Remittance providers typically bundle numerous small transactions together for transfer by the bank, making this hard to do. Most of the transactions are done in US dollars, but Westpac said its US "correspondent banks" had been refusing to accept such transactions. But
Pakistan High Commissioner Naela Chohan said Pakistan is worried completely shutting down the accounts may actually make it harder for them to check if money is going to terrorists and argued the banks' approach contravenes agreements by the global Financial Action Taskforce and the G20.
"This is a process of bank de-risking," she said. "You have to do it and we fully understand the need, but if you completely stop the remittances, it would be detrimental to our mutual interests.
"Australia has supported us on FATF, which we deeply appreciate. But this across the board de-risking by the banks is not in line with FATF regulations. It would [also] not be in line with the decisions taken during the recent Brisbane G20 Summit, pertaining to dampening risk channels between banks and non-banks; to build more resilient financial systems and enhancing financial inclusion."
She said Pakistan had strict controls to monitor transactions, including those done via remitters. "Pakistan is a frontline state in the fight against terrorism and is suffering because of retaliatory heinous terrorists attacks on civilian population including on women and children."
But banks cutting off remitters could make their customers choose alternatives that are harder to track.

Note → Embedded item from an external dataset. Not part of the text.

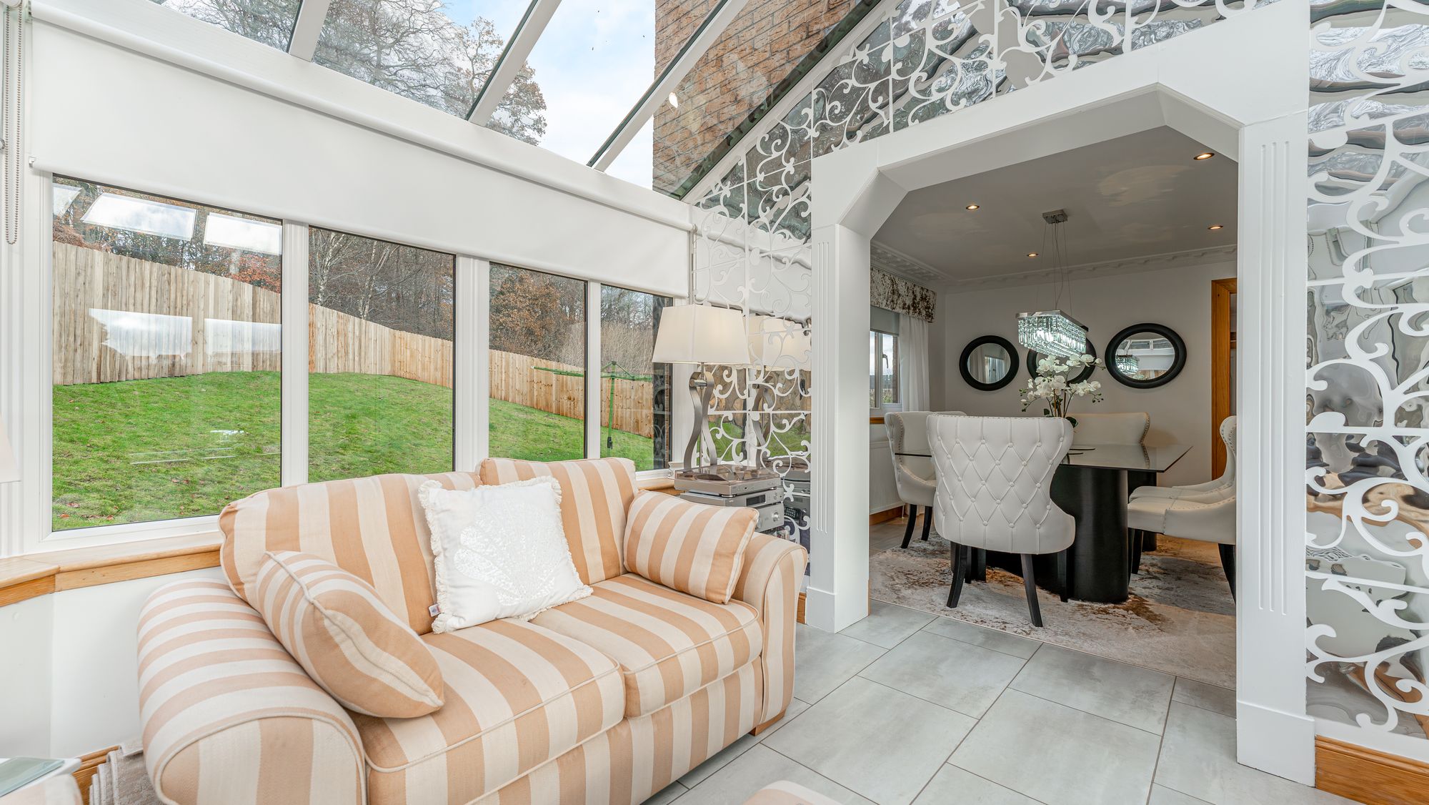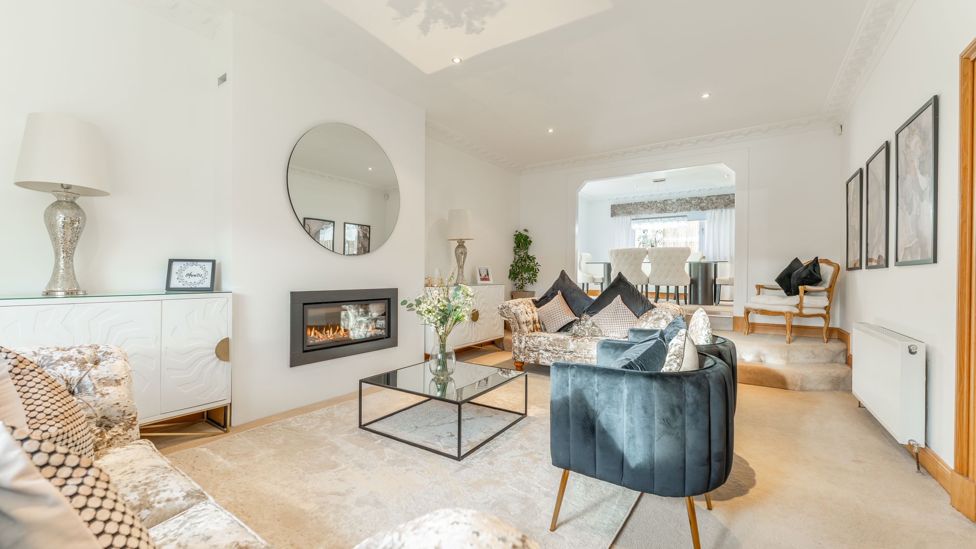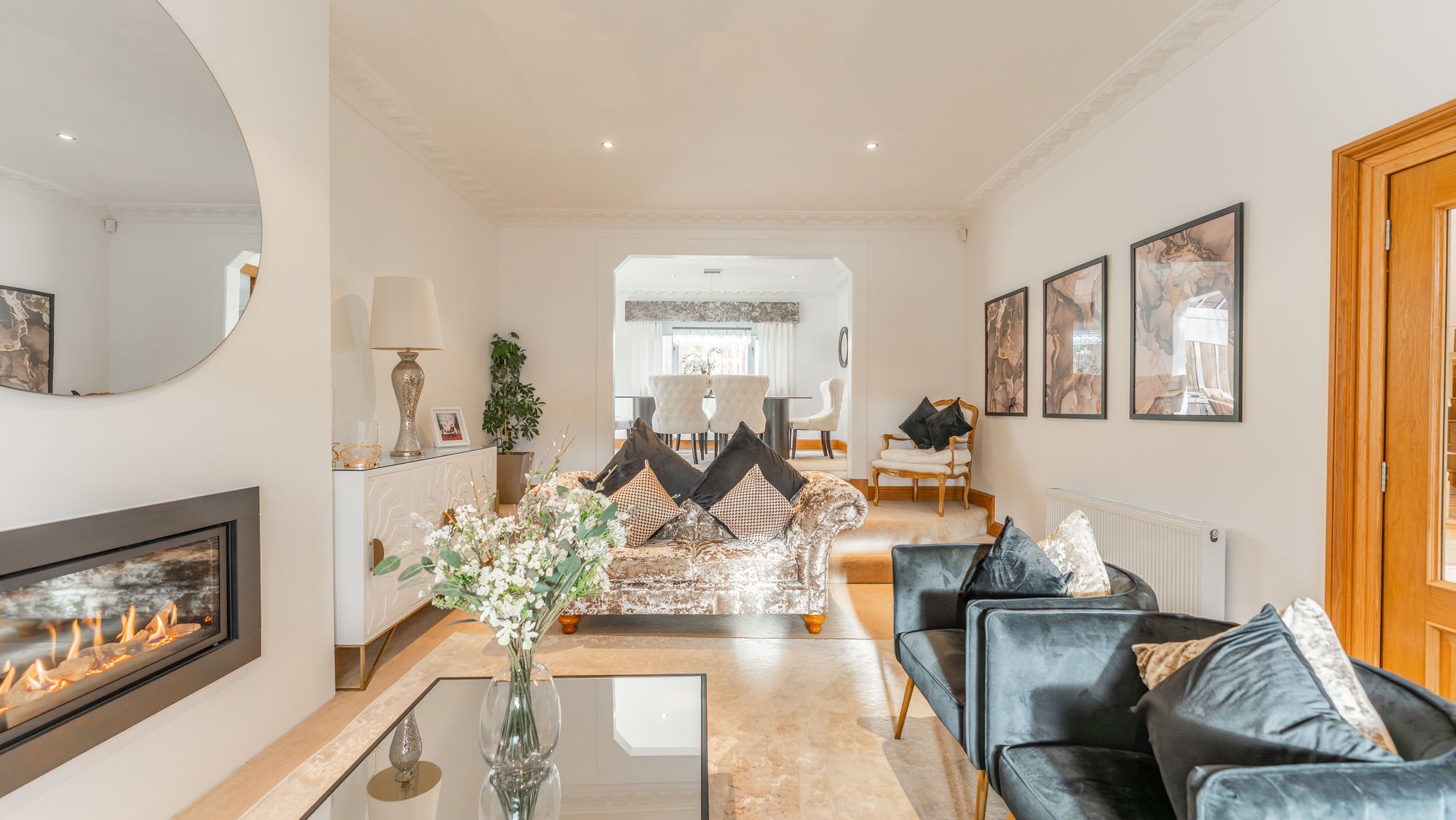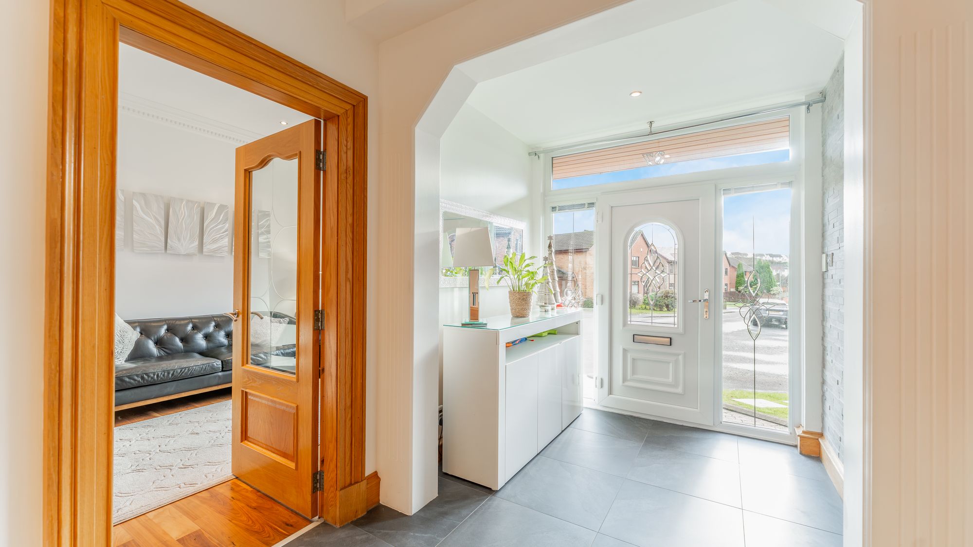Set within a highly desirable residential area of Kilsyth, this impressive four/five bedroom detached home combines generous proportions, contemporary style, and modern comfort, making it ideal for family living. The welcoming reception hall leads to a beautifully presented bay windowed lounge filled with natural light and featuring a living flame gas fire. This space flows seamlessly into the dining room, which in turn opens into a bright and airy sunroom with direct access to the rear garden. The property also boasts a stunning fitted kitchen with sleek white gloss cabinetry complemented by walnut finishes, a convenient breakfast bar, Silestone sink and worktops, and a range of integrated appliances. Off the hallway, there is an additional lounge offering flexible use—ideal as a fifth bedroom or home office—while a utility room and a fully tiled downstairs WC complete the ground floor.

"It is in our mutual interest to ensure that the communities continue to use formal channels for remittances so that this does not affect our ability to monitor funding sources," Ms Chohan added. "If the banks make it difficult, complications will arise."
She said they are working
with regulators, the banking industry and the government here to come up with
alternatives to the banks. But "if all options are blocked", she said people
who need to send money "will find alternatives that may not fall into the
systems and mechanisms for monitoring and transfer of funds".
Banks, regulators, including Austrac and the Reserve Bank, and the newly formed Australian Remittance and Currency Providers Association have been trying to nut out a way to keep money flowing through regulated institutions.
The industry has also acknowledged that some of their members are not complying with regulations. If they do not have the resources to do so, ARCPA is encouraging them to "consolidate".
The head of ARCPA, Dianne Nguyen, said
there may be a possibility that some non-bank financial institutions will take
the place of the banks, but there is no agreement so far.
In a statement, Westpac said "domestic and global banks are finding it increasingly difficult to provide banking and payment services to remittance operators due to the Australian and international regulatory landscape and the compliance requirements on the banking industry".
"We take our obligations and duties in this area extremely seriously and have invested heavily in compliance systems, specialist staff and training to ensure we meet all of our regulatory and legal requirements including our obligations to counterparty financial institutions around the world."
Australian Bankers Association acting CEO Tony Pearson said they recognise "the adverse impact this is having on people who transfer money for legitimate purposes. This is a global issue and something that needs the co-operation of governments around the world. The banking industry is committed to working with all parties involved to try and address these issues".
Munir Mohammad, the head of Sydney
Forex, which led the litigation, said 70 per cent of the money he sends goes to
Pakistan. He said there is officially about $150 million going to Pakistan from
Australia, but another $200 million gets sent via the black market. He argues
money going through them and the banks will just shift to the black market.
They had offered to Westpac to do all of their transactions in Australian dollars, which would not have involved a US correspondent bank, but he said they were told it was a "commercial decision."
"Australian dollars is one of the most accepted currencies and we have an arrangement with a Pakistani bank which are happy to accept Aussie dollars, and the same thing in India," he said.
A spokeswoman for the federal Justice Minister Michael Keenan, who is overseeing discussions, said under Australia's anti-money laundering and counter-terrorism financing regime it is up to the banks to decide whether to provide services to a particular customer based on its assessment on whether AML/CTF risks can be adequately mitigated. "Government officials have met with affected stakeholders and the major banks to discuss this issue."